» **Problem to work on**:
Your reply should restate the lines from the top of the entries through the line containing "半耐久財、非耐久財は実質減少" word for word, with no pictures.

(Beginning of Input)

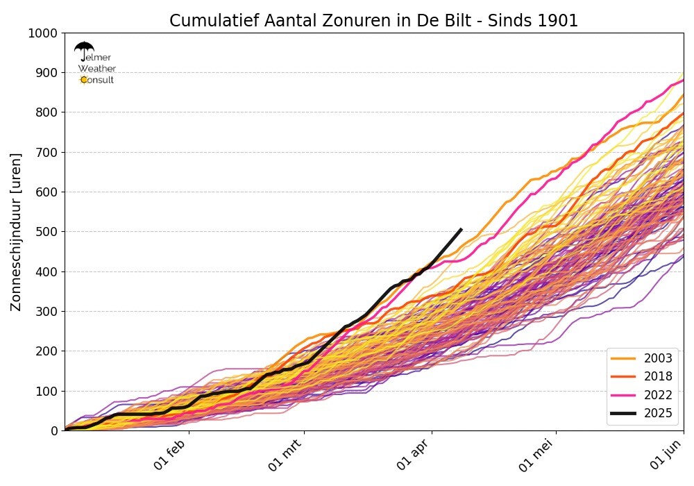 Met afstand het zonnigste jaar ooit gemeten tot nu toe. Met 504 zonuren (t/m 7 april) hebben we ook een behoorlijke ruime voorsprong op 2003 (461 uur), 2002 (448 uur) en 2022 (427 uur). Het verschil met de #5 (2014) is zelfs zo'n 114 uur!
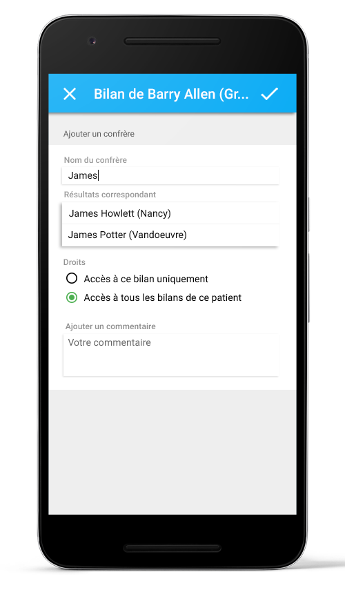 Possibilité de partager un patient, ou un bilan à des confrères
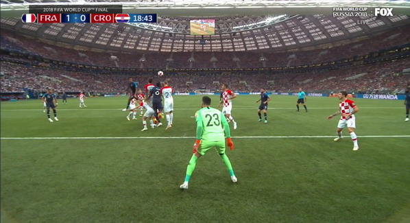 Hậu vệ Croatia phá bóng từ quả phạt góc, bóng trúng tay !!!
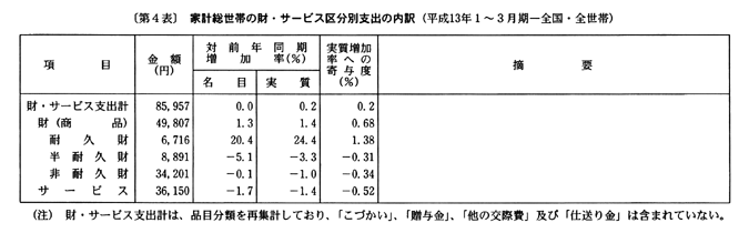 半耐久財、非耐久財は実質減少したものの、耐久財が実質増加したことから、財(商品)全体では、実質一・四%の増加となった。
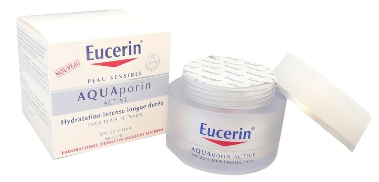 La gamme Aquaporin du laboratoire EUCERIN est composée de produits ultra-hydratant pour les peaux sensibles déshydratées à base de gluco-glycérol pour une hydratation en profondeur et en continu. Aquaporin Active SPF25 UVA est une crème à base de gluco-glycerol, et d’un indice UVA/UVB (SPF25) qui va participer à la formation d’aquaporines (canaux d’hydratation dans l’épiderme) pour favoriser le transport de l’eau dans les cellules cutanées afin d’hydrater dès l’application et pour longtemps la peau et l’apaiser des tiraillements causés par la sècheresse, et protéger des méfaits du soleil. Sa texture crème pénètre rapidement à l’application pour laisser la peau souple, confortable et d’une grande douceur.
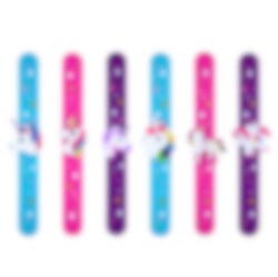 Gulliga snap-on armband med motiv av enhörningar i olika färger. En kul leksak att få i kalaspåsen under kalaset. Säljs osorterade och styckvis.
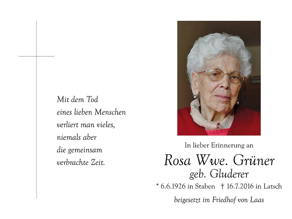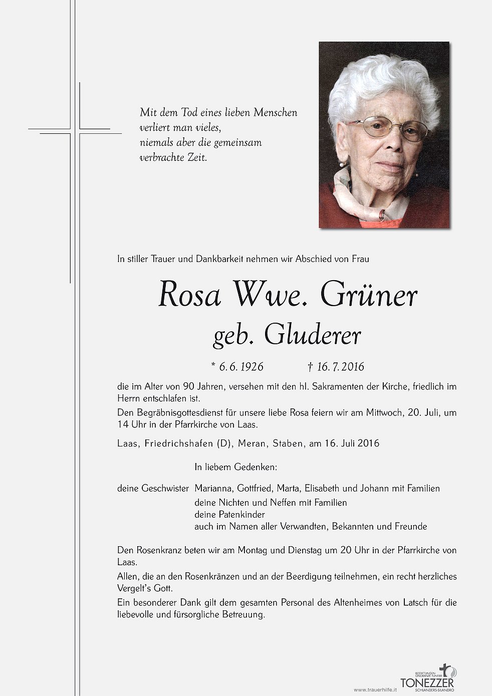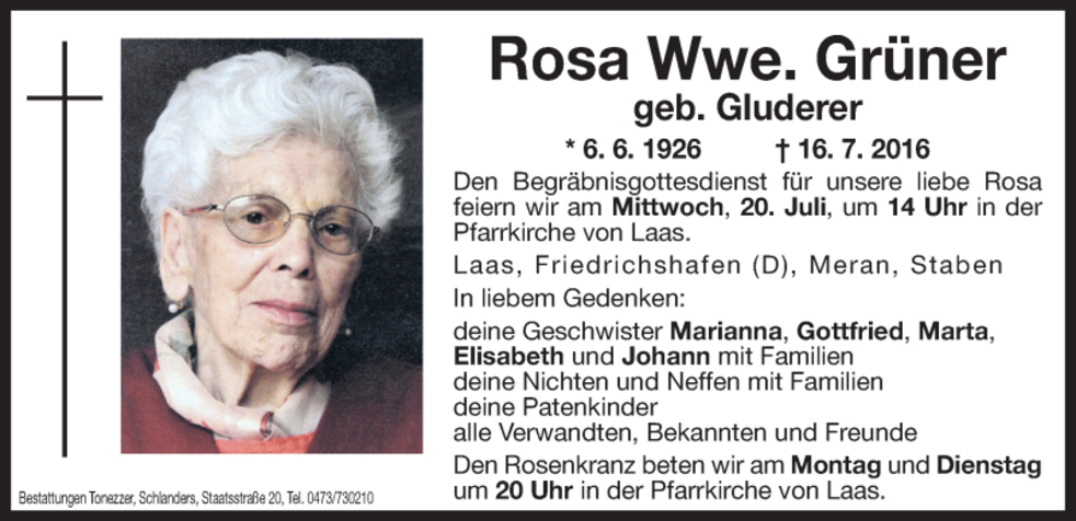 Den Begräbnisgottesdienst für unsere liebe Rosa feiern wir am Mittwoch, 20. Juli, um 14 Uhr in der Pfarrkirche von Laas.
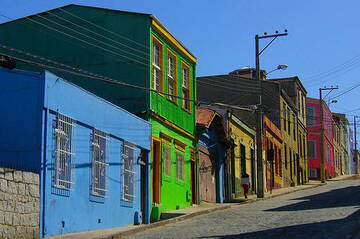 La città di Valparaiso si distingue per le sue case colorate, di origine coloniale, arroccate su 44 alture, collegati da lunghe scalinate e da ascensores, in realtà ripidissime funicolari, divenute simbolo della città
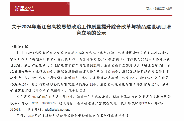 近日浙江省教育厅公布2024年度省高校思想政治工作质量提升综合改革与精品建设项目名单,学院《致敬“无言良师” 培育医者大爱 ——鉴黄师
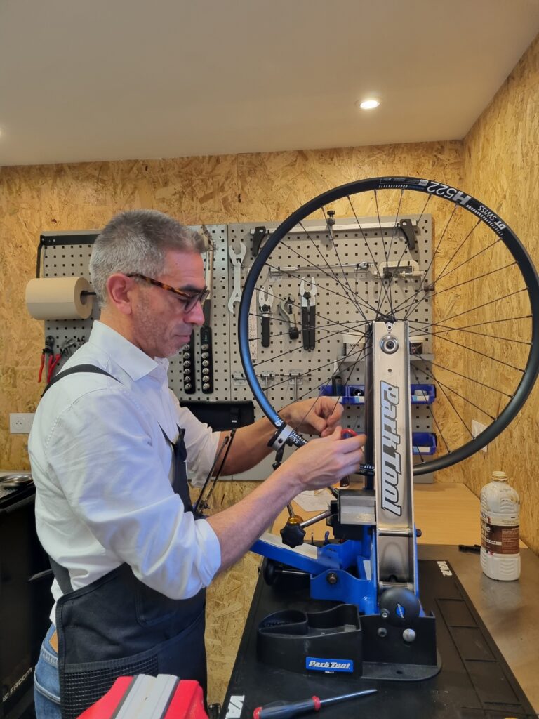 Comment obtenir une roue parfaitement ronde et centrée ? C’est l’art du rayonnage, un savoir faire où se conjuguent patience et méthode.
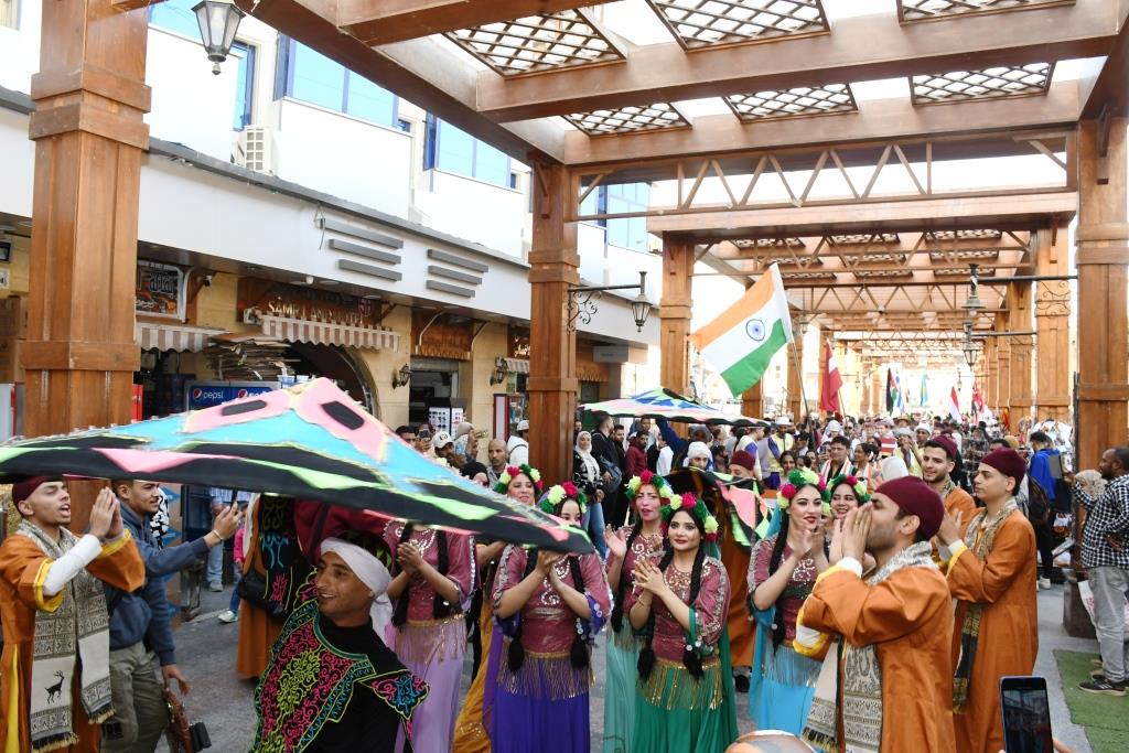 و 6 فرق فنون شعبية مصرية تابعة لقصور الثقافة وتضم فرق أسوان ، العريش ، بورسعيد ، كفر الشيخ ، الأنفوشى ، وبنى سويف فى لوحة فنية تعكس تنوع الثقافات وثراء التراث الإنسانى .

(End of Input)

» **Reply to the exercise**:
 Met afstand het zonnigste jaar ooit gemeten tot nu toe. Met 504 zonuren (t/m 7 april) hebben we ook een behoorlijke ruime voorsprong op 2003 (461 uur), 2002 (448 uur) en 2022 (427 uur). Het verschil met de #5 (2014) is zelfs zo'n 114 uur!
 Possibilité de partager un patient, ou un bilan à des confrères
 Hậu vệ Croatia phá bóng từ quả phạt góc, bóng trúng tay !!!
 半耐久財、非耐久財は実質減少したものの、耐久財が実質増加したことから、財(商品)全体では、実質一・四%の増加となった。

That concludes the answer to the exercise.